#### [What the task asks]
A faithful copy of the listing below is needed, with its pictures left out.

#### [Material provided]
┌────────

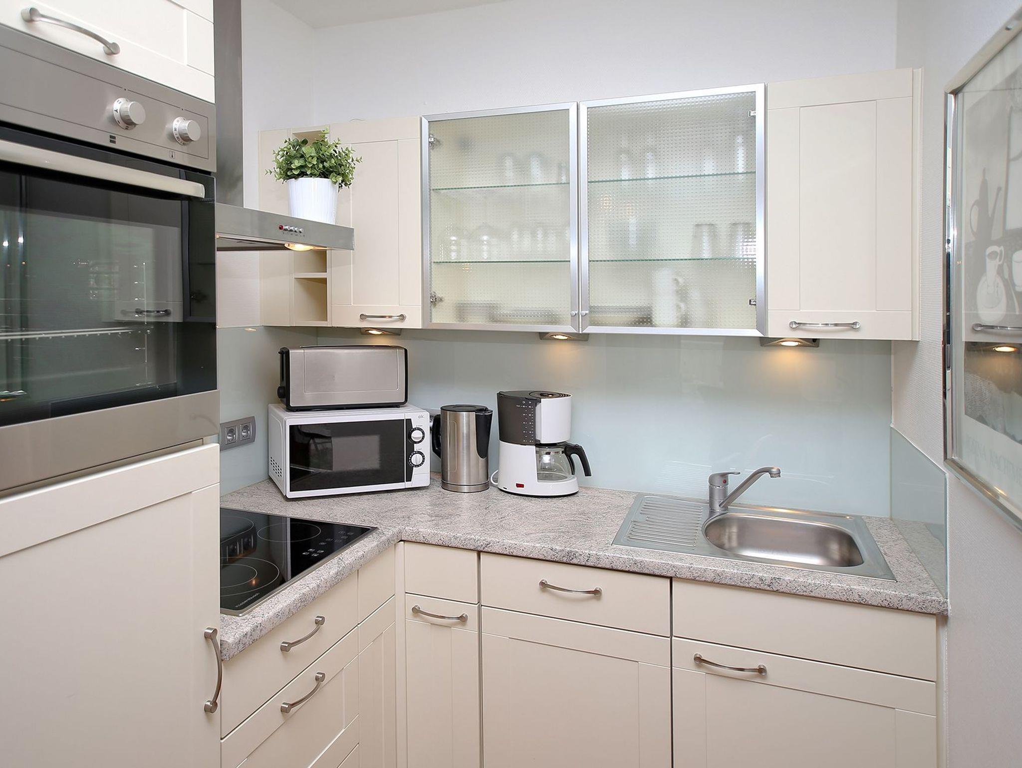 Die moderne Küchenzeile mit Geschirrspüler, Backofen und Ceranherd ist im Wohnbereich integriert.
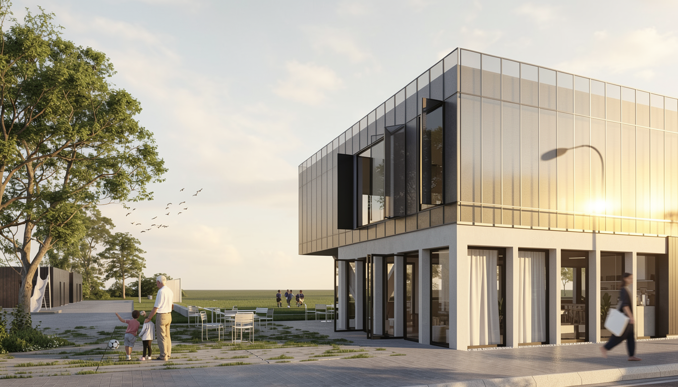 watercolour rendering no changes to architecture in image provided white siding for exterior roof are black add some subtle landscaping local to qc forest in background railing in model is black iron rods do not add in any additional railings not already in the model do not add any pathways this is the rear side of the house show grassy yard make windows and glass doors opaque so we don t see furniture inside
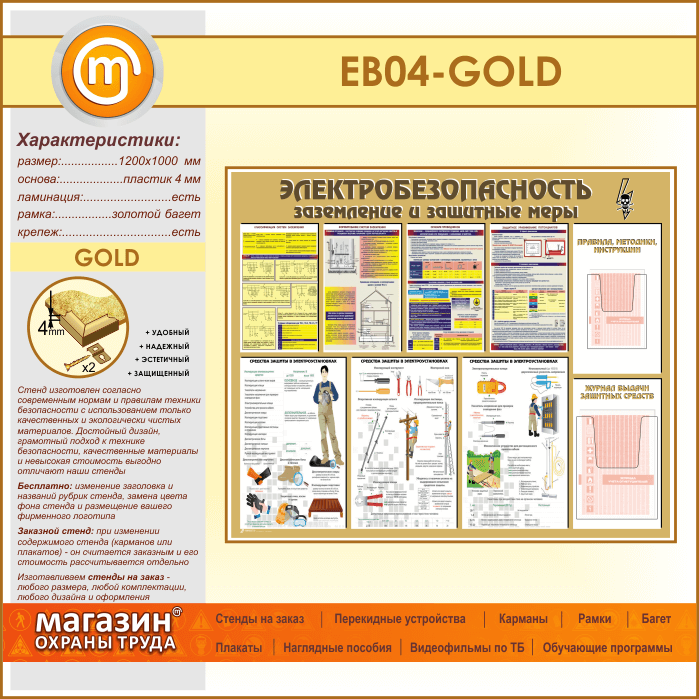 Стенд «Электробезопасность. Заземление и защитные меры» с 2 объемными карманами (EB-04-GOLD) в Сургуте купить
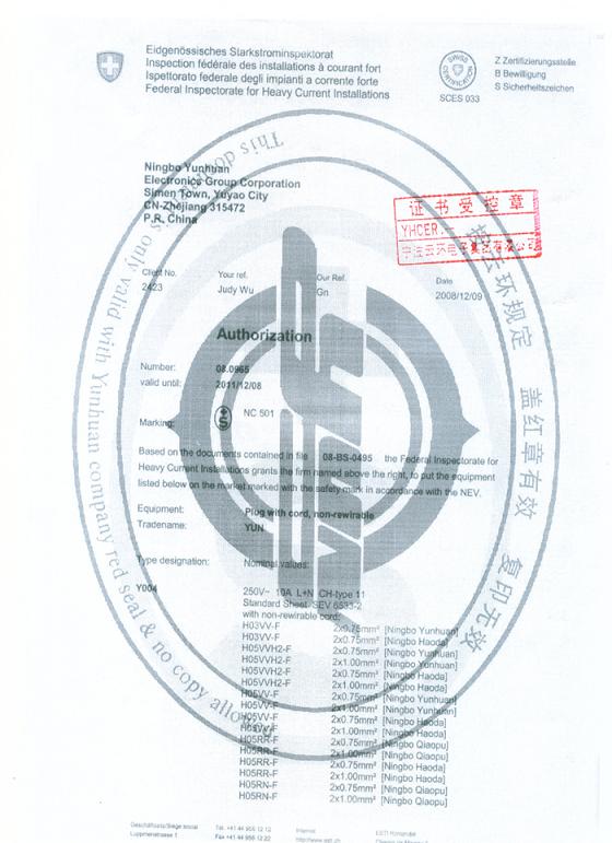 瑞士SEV证书

└────────

#### [Answer space]
 Die moderne Küchenzeile mit Geschirrspüler, Backofen und Ceranherd ist im Wohnbereich integriert.
 watercolour rendering no changes to architecture in image provided white siding for exterior roof are black add some subtle landscaping local to qc forest in background railing in model is black iron rods do not add in any additional railings not already in the model do not add any pathways this is the rear side of the house show grassy yard make windows and glass doors opaque so we don t see furniture inside
 Стенд «Электробезопасность. Заземление и защитные меры» с 2 объемными карманами (EB-04-GOLD) в Сургуте купить
 瑞士SEV证书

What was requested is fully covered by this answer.